You can perform the WebSocket handshake manually with curl to see the raw HTTP exchange:

curl -i -N \
  -H "Connection: Upgrade" \
  -H "Upgrade: websocket" \
  -H "Sec-WebSocket-Version: 13" \
  -H "Sec-WebSocket-Key: dGhlIHNhbXBsZSBub25jZQ==" \
  https://example.com/chat

The -i flag shows response headers, and -N disables output buffering. If the handshake succeeds, you see the 101 response. If it fails, you see the error status code and any diagnostic headers the server included.
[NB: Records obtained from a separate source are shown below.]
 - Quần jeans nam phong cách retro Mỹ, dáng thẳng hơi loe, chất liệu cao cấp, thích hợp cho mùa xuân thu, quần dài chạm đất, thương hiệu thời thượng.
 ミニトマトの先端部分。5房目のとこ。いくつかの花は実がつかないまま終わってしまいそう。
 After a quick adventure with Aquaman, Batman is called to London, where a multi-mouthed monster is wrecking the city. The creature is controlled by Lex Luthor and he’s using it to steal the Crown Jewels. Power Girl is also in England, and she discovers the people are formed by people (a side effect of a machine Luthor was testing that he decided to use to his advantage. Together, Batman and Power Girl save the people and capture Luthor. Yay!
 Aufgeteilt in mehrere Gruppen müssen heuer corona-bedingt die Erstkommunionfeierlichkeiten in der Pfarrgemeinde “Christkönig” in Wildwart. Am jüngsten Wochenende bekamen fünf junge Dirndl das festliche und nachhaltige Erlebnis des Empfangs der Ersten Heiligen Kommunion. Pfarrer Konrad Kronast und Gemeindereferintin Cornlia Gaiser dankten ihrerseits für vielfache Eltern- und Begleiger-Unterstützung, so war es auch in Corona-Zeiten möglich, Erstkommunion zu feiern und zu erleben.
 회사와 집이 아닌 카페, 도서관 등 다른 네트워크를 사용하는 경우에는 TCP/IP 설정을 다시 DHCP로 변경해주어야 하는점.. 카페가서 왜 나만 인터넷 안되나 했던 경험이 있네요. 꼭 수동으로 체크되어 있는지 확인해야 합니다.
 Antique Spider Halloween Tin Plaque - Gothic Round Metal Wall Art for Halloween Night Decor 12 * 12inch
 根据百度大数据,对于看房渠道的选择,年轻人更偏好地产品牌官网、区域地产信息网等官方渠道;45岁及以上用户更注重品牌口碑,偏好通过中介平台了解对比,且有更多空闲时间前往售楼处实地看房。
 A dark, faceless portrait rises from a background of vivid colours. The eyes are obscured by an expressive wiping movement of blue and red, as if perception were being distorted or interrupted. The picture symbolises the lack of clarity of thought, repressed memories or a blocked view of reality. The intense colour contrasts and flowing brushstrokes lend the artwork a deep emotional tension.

This approach is particularly valuable when debugging proxy configurations because you can see exactly what headers arrive at the server and what comes back.

Wireshark

For deep inspection, Wireshark can capture and decode WebSocket traffic at the packet level. Filter with websocket or tcp.port == 80 to isolate relevant traffic. Wireshark shows you the raw bytes of the handshake, frame headers, and payload data. This is your best option when you suspect data corruption, framing errors, or TLS negotiation problems.